Вопрос был поставлен в лоб. Плотников посмотрел на ребятишек, на их босые, посиневшие ноги и пытливые глаза, посмотрел, подумал и решился.
— Вот что, ребята, — сказал он. — Так и быть, я вам откроюсь. Скажу, зачем я здесь и почему. Вы уже не маленькие, я вам доверяюсь. Я, ребята, партизан. И нахожусь здесь со специальным заданием. Если вы честные парни, не трусы, не плаксы, помогите, а если маменькины сынки, болтуны, — вы мне не компания.
— Ну, а чем помочь-то? Оружие если, так у нас есть.
— Какое оружие? Чего ты врешь? — рассердился Плотников.
— А то нет! Раз говорю есть, значит есть!

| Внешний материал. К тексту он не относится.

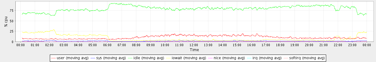 avg(user) = 10.30 avg(sys) = 1.43 avg(idle) = 79.74 avg(iowait) = 8.06 avg(nice) = 0.00 avg(irq) = 0.06 avg(softirq) = 0.42

— Да откуда оно у вас взялось?
— Откуда, откуда! Вот, смотри!
Ребята, дружно навалившись, с трудом отодвинули толстое бревно, под которым оказалась хорошо замаскированная яма. В ней, к великому удивлению Плотникова, действительно лежали настоящие немецкие автоматы, гранаты и патроны. Как потом объяснили Плотникову мальчики, они раздобыли это оружие еще в 1941 году, подбирая его в различных местах, где происходили бои. Оружие это дети хранили тайком от взрослых и, что особенно удивило Плотникова, великолепно его освоили. Они тут же мгновенно разобрали и собрали по частям автомат, показали гранаты трех систем и объяснили разницу в их устройстве. На вопрос, зачем они хранят это оружие, ребята ответили, что, во-первых, они пустят в ход его против гитлеровцев, когда подойдет Советская Армия, во-вторых, это вообще интересно.
Разговор затянулся и принял непринужденный характер. Потом Мишка, вспомнив о материнской угрозе, сбегал домой, оставив Плотникова с товарищами, но вскоре возвратился. Когда Плотников спросил его, не разболтал ли он дома об их знакомстве, Миша обидчиво ответил:
— Что я, девчонка, что ли, языком трепать?
Убедившись, что имеет дело с надежным народом, Плотников посвятил ребят в существо своей задачи. Он решил привлечь их к делу, использовав мальчиков для дневной разведки. Появление детей у железнодорожного полотна, естественно, не могло вызвать особых подозрений.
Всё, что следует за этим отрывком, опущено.